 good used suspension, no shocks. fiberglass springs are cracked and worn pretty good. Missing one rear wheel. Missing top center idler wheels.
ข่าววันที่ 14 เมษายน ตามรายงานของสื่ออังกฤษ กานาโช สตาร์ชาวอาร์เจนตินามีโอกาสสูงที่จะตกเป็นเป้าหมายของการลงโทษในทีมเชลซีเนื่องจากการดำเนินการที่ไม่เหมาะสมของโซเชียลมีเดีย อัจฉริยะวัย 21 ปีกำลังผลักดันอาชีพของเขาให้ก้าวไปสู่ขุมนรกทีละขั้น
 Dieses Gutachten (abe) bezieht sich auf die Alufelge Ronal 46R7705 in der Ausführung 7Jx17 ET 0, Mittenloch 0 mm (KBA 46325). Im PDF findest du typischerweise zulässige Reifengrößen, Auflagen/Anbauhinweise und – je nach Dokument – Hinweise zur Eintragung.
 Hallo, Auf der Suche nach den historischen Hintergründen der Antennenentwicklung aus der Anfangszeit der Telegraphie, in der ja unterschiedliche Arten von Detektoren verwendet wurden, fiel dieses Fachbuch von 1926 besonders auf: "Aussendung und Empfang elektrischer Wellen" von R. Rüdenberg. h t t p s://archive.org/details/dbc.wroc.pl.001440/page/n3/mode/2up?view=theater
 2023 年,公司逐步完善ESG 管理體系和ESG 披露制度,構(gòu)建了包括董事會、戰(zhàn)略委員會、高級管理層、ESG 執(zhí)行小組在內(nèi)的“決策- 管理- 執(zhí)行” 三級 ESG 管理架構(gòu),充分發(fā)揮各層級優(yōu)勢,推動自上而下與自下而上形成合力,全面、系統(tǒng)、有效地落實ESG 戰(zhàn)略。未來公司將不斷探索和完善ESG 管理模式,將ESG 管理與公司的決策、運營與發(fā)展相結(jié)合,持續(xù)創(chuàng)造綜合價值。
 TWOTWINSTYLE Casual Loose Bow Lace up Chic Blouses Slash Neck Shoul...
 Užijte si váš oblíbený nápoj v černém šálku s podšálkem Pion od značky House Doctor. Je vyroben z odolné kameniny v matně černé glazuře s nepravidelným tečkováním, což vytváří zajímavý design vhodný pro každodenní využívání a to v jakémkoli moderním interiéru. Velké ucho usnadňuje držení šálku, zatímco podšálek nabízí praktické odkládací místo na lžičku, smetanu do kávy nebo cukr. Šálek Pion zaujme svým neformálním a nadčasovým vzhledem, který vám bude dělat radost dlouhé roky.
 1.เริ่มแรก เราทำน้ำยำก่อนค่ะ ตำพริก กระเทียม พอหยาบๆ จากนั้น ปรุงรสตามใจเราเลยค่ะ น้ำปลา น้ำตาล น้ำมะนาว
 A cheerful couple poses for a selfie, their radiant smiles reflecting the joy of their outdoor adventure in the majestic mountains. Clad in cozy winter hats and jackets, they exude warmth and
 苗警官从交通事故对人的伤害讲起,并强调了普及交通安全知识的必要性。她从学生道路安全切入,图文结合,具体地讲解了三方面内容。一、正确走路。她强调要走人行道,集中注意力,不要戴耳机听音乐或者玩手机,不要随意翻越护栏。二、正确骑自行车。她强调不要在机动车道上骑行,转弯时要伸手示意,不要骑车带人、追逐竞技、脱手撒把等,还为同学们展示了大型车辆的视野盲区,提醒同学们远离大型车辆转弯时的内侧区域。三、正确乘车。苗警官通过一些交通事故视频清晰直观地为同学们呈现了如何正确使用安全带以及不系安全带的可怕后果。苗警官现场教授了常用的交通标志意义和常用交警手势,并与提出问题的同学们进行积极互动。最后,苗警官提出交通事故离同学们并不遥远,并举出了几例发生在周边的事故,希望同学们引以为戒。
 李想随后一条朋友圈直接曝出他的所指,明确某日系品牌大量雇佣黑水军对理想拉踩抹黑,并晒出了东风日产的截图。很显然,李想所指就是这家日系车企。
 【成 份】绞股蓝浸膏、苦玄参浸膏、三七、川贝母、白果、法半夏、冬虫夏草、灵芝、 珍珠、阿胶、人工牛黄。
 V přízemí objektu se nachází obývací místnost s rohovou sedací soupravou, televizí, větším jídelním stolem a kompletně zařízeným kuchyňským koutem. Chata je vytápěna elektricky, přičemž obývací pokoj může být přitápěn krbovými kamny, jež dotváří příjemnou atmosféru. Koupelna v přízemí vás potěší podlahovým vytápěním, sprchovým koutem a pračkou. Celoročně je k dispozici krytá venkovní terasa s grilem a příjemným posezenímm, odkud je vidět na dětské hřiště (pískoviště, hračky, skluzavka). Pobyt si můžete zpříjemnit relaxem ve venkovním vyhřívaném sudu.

=== WHAT YOU WILL DO ===
Once the line containing "ข่าววันที่ 14 เมษายน" has been written out, please stop; every line before it, back to the first line of the records above, should be given exactly.

=== WRITTEN RESPONSE ===
 good used suspension, no shocks. fiberglass springs are cracked and worn pretty good. Missing one rear wheel. Missing top center idler wheels.
ข่าววันที่ 14 เมษายน ตามรายงานของสื่ออังกฤษ กานาโช สตาร์ชาวอาร์เจนตินามีโอกาสสูงที่จะตกเป็นเป้าหมายของการลงโทษในทีมเชลซีเนื่องจากการดำเนินการที่ไม่เหมาะสมของโซเชียลมีเดีย อัจฉริยะวัย 21 ปีกำลังผลักดันอาชีพของเขาให้ก้าวไปสู่ขุมนรกทีละขั้น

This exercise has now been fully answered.